I was on a roll. I went back to my water collection and created a full-fledged RSS feed against it as well. See the simple Perl script — water2rss.pl — to see how easy it is.

Ack! I now have six different active RSS feeds, not counting the feeds I can get from Flickr and YouTube:

  1. Catholic Portal
  2. Life of a Librarian
  3. Mini-musings
  4. Musings
  5. What’s Eric Reading?
  6. Water collection

That’s too many, even for an ego surfer like myself. What to do? How can I consolidate these things? How can I present my writings in a single interface? How can I make it easy to syndicate all of this content in a standards-compliant way?

Planet

The answer to my questions is/was Planet — “an awesome ‘river of news’ feed reader. It downloads news feeds published by web sites and aggregates their content together into a single combined feed, latest news first.”

A couple of years ago the Code4Lib community created an RSS “planet” called Planet Code4Lib — “Blogs and feeds of interest to the Code4Lib community, aggregated.” I think it is maintained by Jonathan Rochkind, but I’m not sure. It is pretty nice since it brings together the RSS feeds from quite a number of library “hackers”. Similarly, there is another planet called Planet Cataloging which does the same thing for library cataloging feeds. This one is maintained by Jennifer W. Baxmeyer and Kevin S. Clarke. The combined planets work very well together, except when individual blogs are in both aggregations. When this happens I end up reading the same blog postings twice. Not a big deal. You get what you pay for.
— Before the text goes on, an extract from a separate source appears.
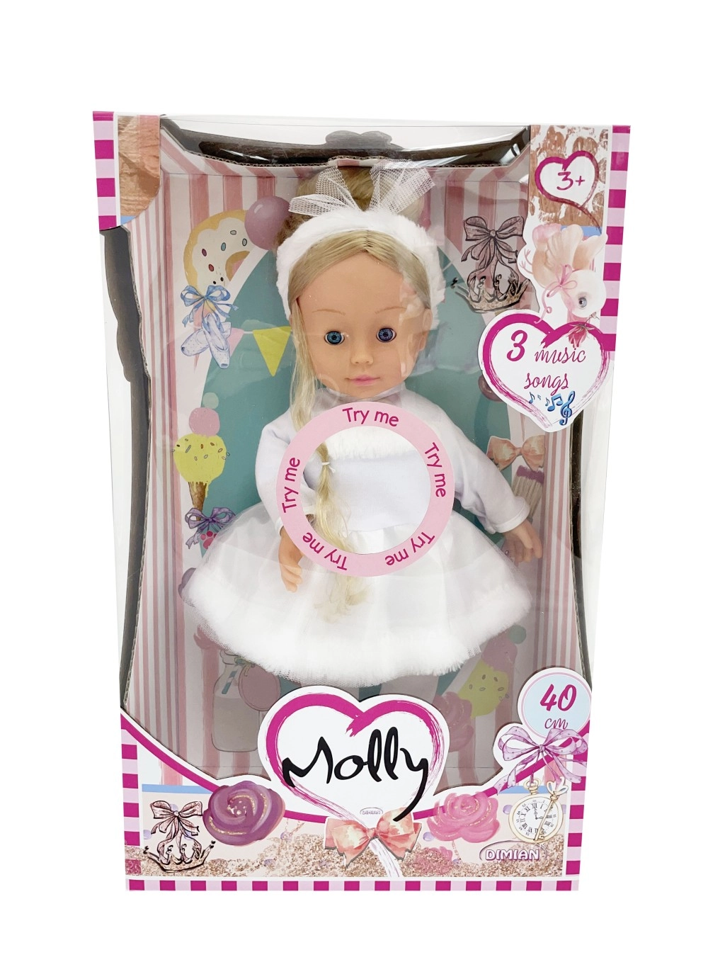 De schattige pop Bambolina Molly ballerina maakt elke kleine dansliefhebber blij. Ze heeft knipperende ogen, lang haar en draagt prachtige balletkleertjes. Ze kan 3 liedjes afspelen en dankzij de 40 cm ligt ze ook bij kleinere kinderen prettig in de hand. Geschikt vanaf 3 jaar, batterijen LR44 zijn inbegrepen.

After a tiny bit of investigation, I decided to use Planet to aggregate and serve my RSS feeds. Installation and configuration was trivial. Download and unpack the distribution. Select an HTML template. Edit a configuration file denoting the location of RSS feeds and where the output will be saved. Run the program. Tweak the template. Repeat until satisfied. Run the program on a regular basis, preferably via cron. Done. My result is called Planet Eric Lease Morgan.

Planet Eric Lease Morgan

The graphic design may not be extraordinarily beautiful, but the content is not necessarily intended to be read via an HTML page. Instead the content is intended to be read from inside one’s favorite RSS reader. Planet not only aggregates content but syndicates it too. Very, very nice.

What I learned

I learned a number of things from this process. First I learned that standards evolve. “Duh!”

Second, my understanding of open source software and its benefits was re-enforced. I would not have been able to do nearly as much if it weren’t for open source software.

Third, the process provided me with a means to reflect on the processes of librarianship. My particular processes for syndicating content needed to evolve in order to remain relevant. I had to go back and modify a number of my programs in order for everything to work correctly and validate. The library profession seemingly hates to do this. We have a mindset of “Mark it and park it.” We have a mindset of “I only want to touch book or record once.” In the current environment, this is not healthy. Change is more the norm than not. The profession needs to embrace change, but then again, all institutions, almost by definition, abhor change. What’s a person to do?

Forth, the process enabled me to come up with a new quip. The written word read transcends both space and time. Fun!?

Finally, here’s an idea for the progressive librarians in the crowd. Use the Planet software to aggregate RSS fitting your library’s collection development policy. Programatically loop through the resulting links to copy/mirror the remote content locally. Curate the resulting collection. Index it. Integrate the subcollection and index into your wider collection of books, jourals, etc. Repeat.